Copy everything in the listing below word for word, apart from any images.

Data:

#####

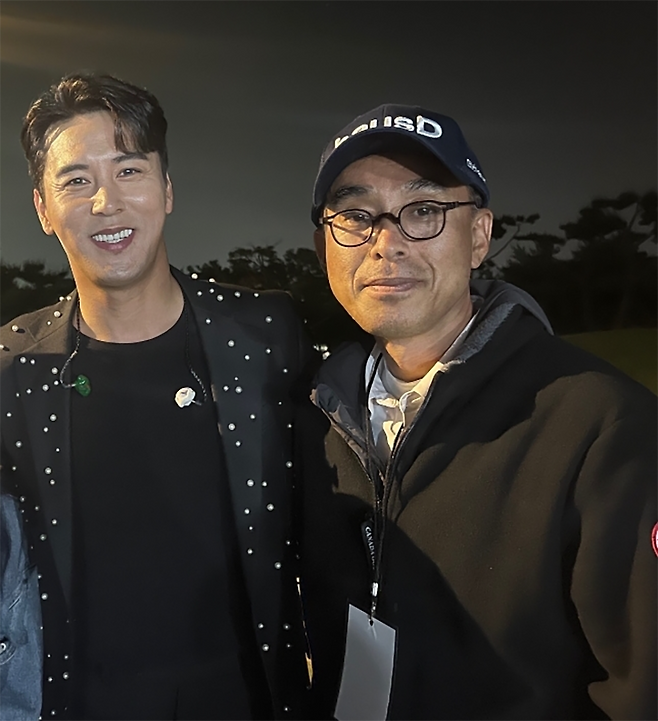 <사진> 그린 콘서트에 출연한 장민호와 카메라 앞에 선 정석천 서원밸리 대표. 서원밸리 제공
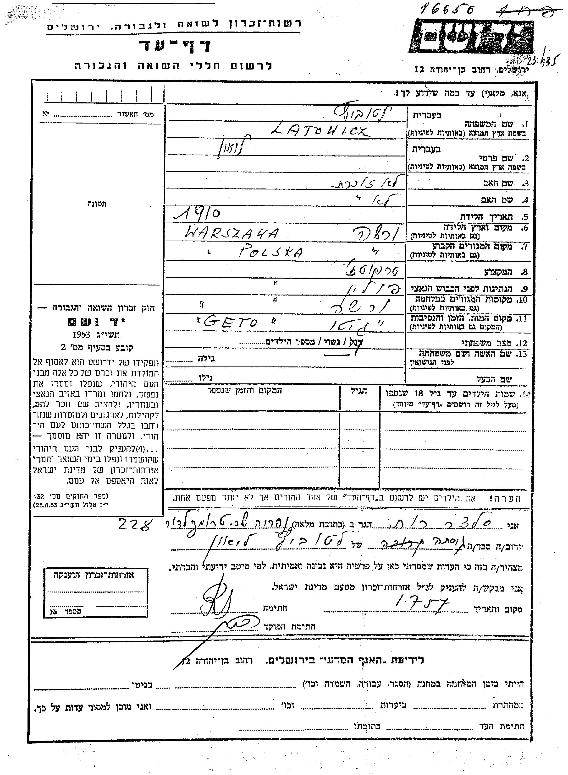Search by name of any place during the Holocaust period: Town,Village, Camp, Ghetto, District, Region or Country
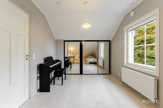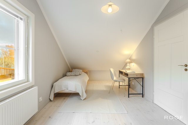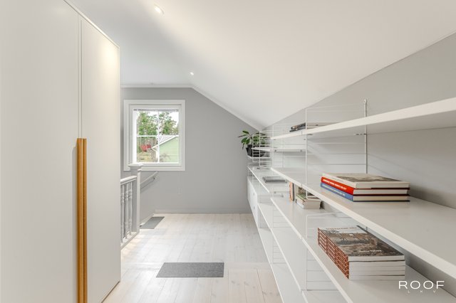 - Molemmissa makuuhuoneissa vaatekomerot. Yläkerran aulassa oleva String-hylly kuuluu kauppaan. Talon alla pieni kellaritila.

#####

Response below:
 <사진> 그린 콘서트에 출연한 장민호와 카메라 앞에 선 정석천 서원밸리 대표. 서원밸리 제공
Search by name of any place during the Holocaust period: Town,Village, Camp, Ghetto, District, Region or Country
 - Molemmissa makuuhuoneissa vaatekomerot. Yläkerran aulassa oleva String-hylly kuuluu kauppaan. Talon alla pieni kellaritila.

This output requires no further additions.